Data for processing
====

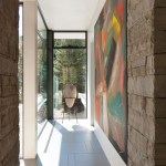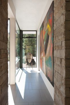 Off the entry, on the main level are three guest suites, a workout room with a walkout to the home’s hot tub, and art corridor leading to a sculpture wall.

====

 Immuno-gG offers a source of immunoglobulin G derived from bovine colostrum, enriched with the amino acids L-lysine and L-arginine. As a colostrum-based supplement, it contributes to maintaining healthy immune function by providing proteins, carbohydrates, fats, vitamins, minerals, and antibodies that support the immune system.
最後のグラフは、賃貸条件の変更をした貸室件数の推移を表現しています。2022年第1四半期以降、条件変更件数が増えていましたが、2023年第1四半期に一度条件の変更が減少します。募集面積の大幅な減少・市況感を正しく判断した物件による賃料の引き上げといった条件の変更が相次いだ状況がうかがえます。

====

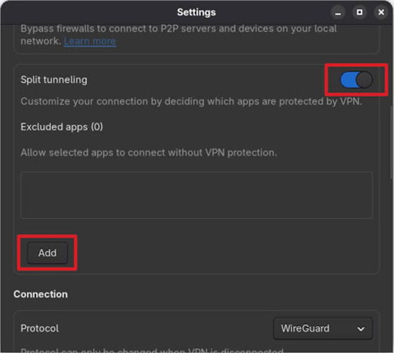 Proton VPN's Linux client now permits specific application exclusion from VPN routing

====

Aim of the task
In the entries above, please find the line with "Immuno-gG offers a" and the line with "最後のグラフは、賃貸条件の変", then write out exactly those two lines and every line between them, and nothing more.

Answer
 Immuno-gG offers a source of immunoglobulin G derived from bovine colostrum, enriched with the amino acids L-lysine and L-arginine. As a colostrum-based supplement, it contributes to maintaining healthy immune function by providing proteins, carbohydrates, fats, vitamins, minerals, and antibodies that support the immune system.
最後のグラフは、賃貸条件の変更をした貸室件数の推移を表現しています。2022年第1四半期以降、条件変更件数が増えていましたが、2023年第1四半期に一度条件の変更が減少します。募集面積の大幅な減少・市況感を正しく判断した物件による賃料の引き上げといった条件の変更が相次いだ状況がうかがえます。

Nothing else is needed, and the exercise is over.